4 Lessons from 2013

12/06/2013 6:00 am EST


As we near the year-end, technician Greg Harmon of Dragonfly Capital takes a step back and looks at various markets to see what we can glean from their performances in 2013.

So often we get caught up in the day to day movements in the market as traders and investors. Will stocks break out? Is a correction coming? What about that inflation impact on gold? Will the government shutdown ruin my account? With instant news all day long everyday, it is easy to get swept away. But when you step back from the day to day action and take a longer perspective what has really happened this year?

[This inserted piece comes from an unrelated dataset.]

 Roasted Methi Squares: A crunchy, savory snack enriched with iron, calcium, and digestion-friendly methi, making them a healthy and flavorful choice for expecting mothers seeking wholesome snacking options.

The performance chart below is very simple. It shows the year-to-date performance of six markets: S&P 500 (SPX), German DAX (DAX), gold (GLD), US dollar (UUP), Shanghai Composite (SHANG), and US Treasuries (TLT). Just six lines emanating from the same point, yet there is so much information displayed.

Click to Enlarge

The first thing that stands out to me is that both Germany and the US have similar returns, despite the euro crisis and all the US government messes. And the progress throughout the year tracks very closely. This was a great year for stocks.

Second, despite all of the talk about a flow from US Treasuries into equities, the real flow seems to be from gold into equities. The curve for gold is nearly an identical inverted one of the S&P 500. If there is to be a flow from Treasuries to equities, it is still to come.

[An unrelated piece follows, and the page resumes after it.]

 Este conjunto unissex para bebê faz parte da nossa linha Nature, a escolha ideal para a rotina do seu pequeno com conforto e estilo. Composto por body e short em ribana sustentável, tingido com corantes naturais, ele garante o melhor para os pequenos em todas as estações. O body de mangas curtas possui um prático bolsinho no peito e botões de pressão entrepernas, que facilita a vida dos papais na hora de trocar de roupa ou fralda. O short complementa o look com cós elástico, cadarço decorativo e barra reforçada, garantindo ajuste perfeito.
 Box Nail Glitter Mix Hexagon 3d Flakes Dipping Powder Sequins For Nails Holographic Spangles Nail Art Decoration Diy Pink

Next, easy monetary policy and increasing QE was supposed to kill the US dollar, but it has basically done nothing all year. Is this because all of the other countries are doing a better job of debasing their currencies? Maybe, but the DAX move in line with the S&P 500 suggests that is not a factor.

Finally, there has been the debate about whether the Chinese economy is picking up or falling into recession. It has gone back and forth a few times from what I recall. This was important, from the debate, because they are a huge economy and could impact the global economy. But the chart shows that despite the Shanghai Composite moving from a flat period to a hard sell-off to a rise, and now stability, has had no impact on either the S&P 500 or German DAX outside of a brief correlation at the beginning of the turn down in May. But you may recall there was a lot of other news going on then as well (taper talk was the big one).

Buying stocks and selling gold was the big winner. Were you in the market? What do you see and what will the next 12 months bring?